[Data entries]
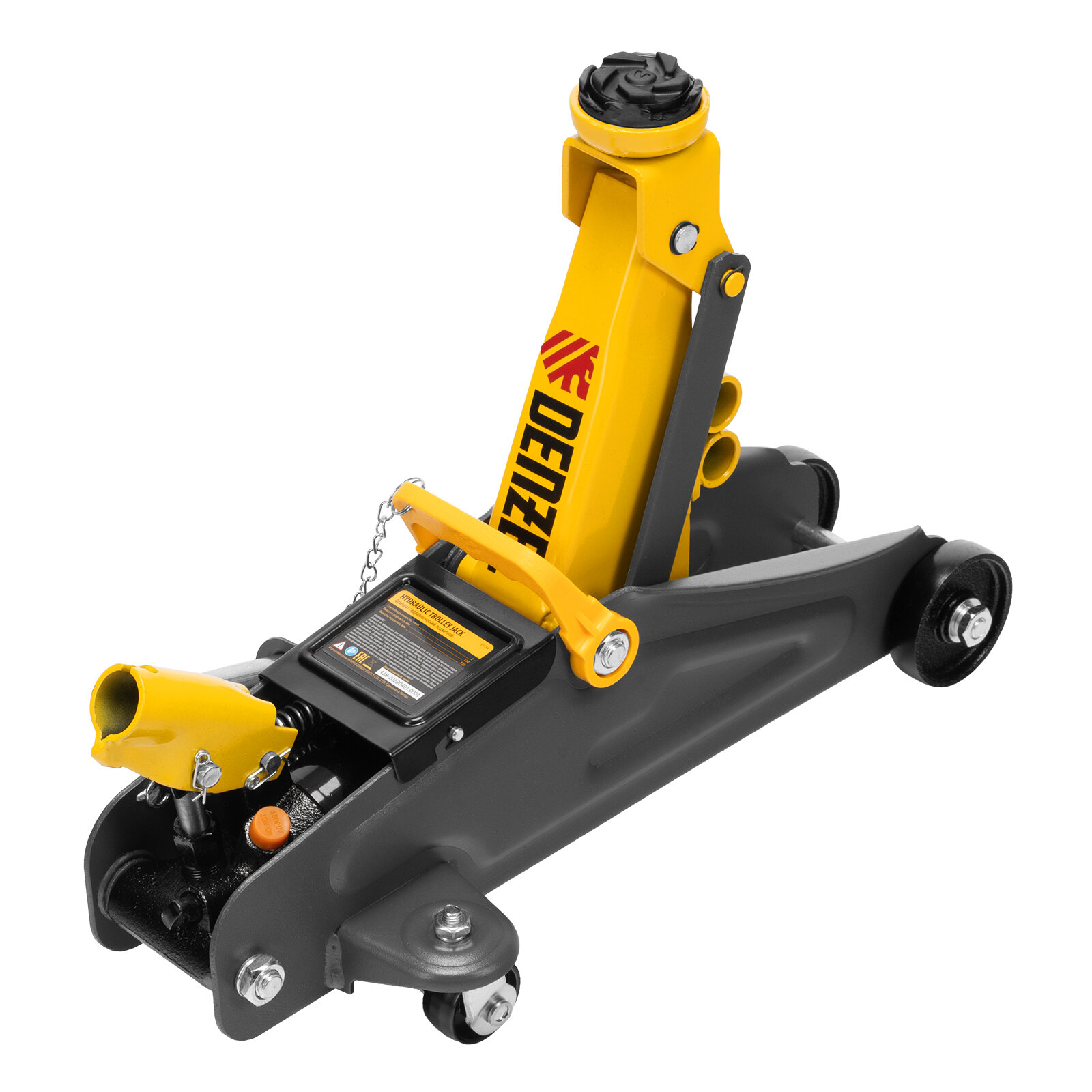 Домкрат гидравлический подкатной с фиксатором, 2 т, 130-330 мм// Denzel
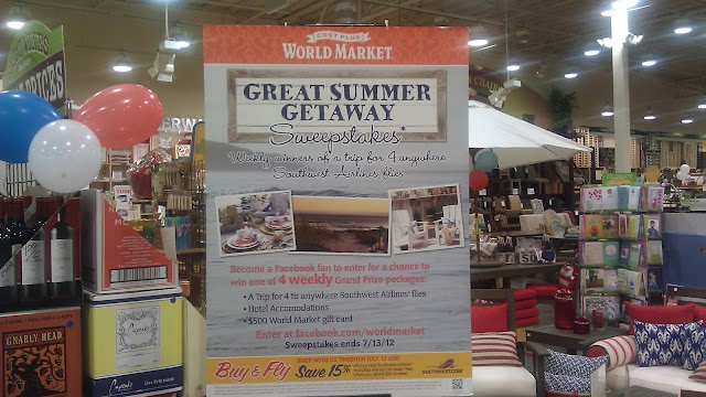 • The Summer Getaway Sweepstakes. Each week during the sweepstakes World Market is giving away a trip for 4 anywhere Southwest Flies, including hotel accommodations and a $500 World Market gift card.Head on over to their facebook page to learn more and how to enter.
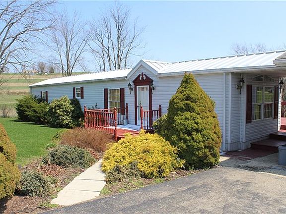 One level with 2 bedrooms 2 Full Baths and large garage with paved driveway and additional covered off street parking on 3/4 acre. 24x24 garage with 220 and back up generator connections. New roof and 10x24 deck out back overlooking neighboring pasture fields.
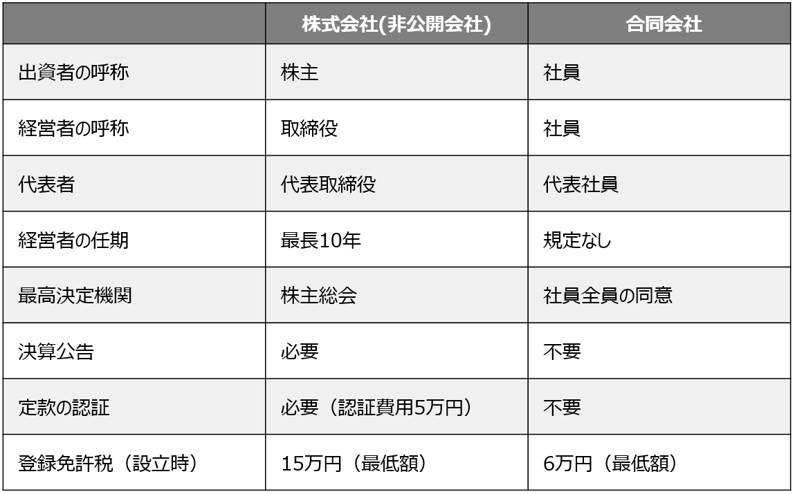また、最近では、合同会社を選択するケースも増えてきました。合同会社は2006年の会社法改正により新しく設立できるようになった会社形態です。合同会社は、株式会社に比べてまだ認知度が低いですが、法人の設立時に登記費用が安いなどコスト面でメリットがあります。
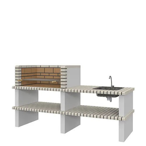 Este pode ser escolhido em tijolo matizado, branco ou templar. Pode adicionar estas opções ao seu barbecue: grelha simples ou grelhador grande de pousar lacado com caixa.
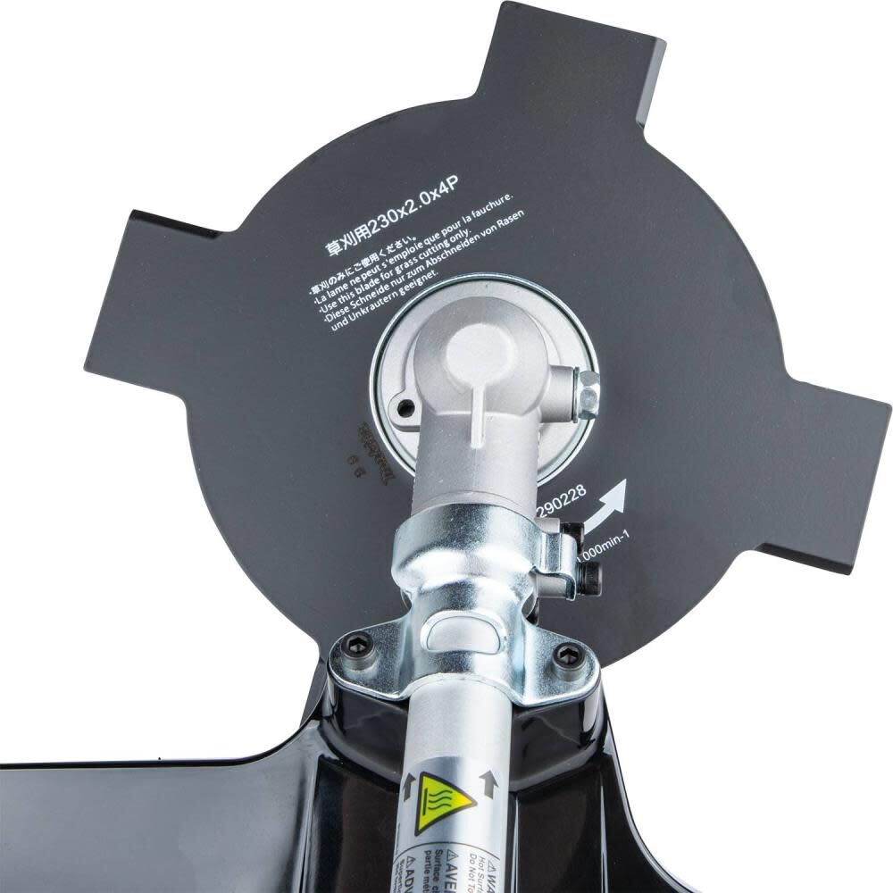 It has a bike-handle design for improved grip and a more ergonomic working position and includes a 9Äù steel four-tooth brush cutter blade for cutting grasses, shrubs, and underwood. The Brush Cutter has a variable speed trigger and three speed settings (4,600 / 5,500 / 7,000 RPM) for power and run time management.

• **WHAT IS REQUIRED**: Without the pictures, repeat all the records word for word.

• **RESPONSE TO THE TASK**:
 Домкрат гидравлический подкатной с фиксатором, 2 т, 130-330 мм// Denzel
 • The Summer Getaway Sweepstakes. Each week during the sweepstakes World Market is giving away a trip for 4 anywhere Southwest Flies, including hotel accommodations and a $500 World Market gift card.Head on over to their facebook page to learn more and how to enter.
 One level with 2 bedrooms 2 Full Baths and large garage with paved driveway and additional covered off street parking on 3/4 acre. 24x24 garage with 220 and back up generator connections. New roof and 10x24 deck out back overlooking neighboring pasture fields.
また、最近では、合同会社を選択するケースも増えてきました。合同会社は2006年の会社法改正により新しく設立できるようになった会社形態です。合同会社は、株式会社に比べてまだ認知度が低いですが、法人の設立時に登記費用が安いなどコスト面でメリットがあります。
 Este pode ser escolhido em tijolo matizado, branco ou templar. Pode adicionar estas opções ao seu barbecue: grelha simples ou grelhador grande de pousar lacado com caixa.
 It has a bike-handle design for improved grip and a more ergonomic working position and includes a 9Äù steel four-tooth brush cutter blade for cutting grasses, shrubs, and underwood. The Brush Cutter has a variable speed trigger and three speed settings (4,600 / 5,500 / 7,000 RPM) for power and run time management.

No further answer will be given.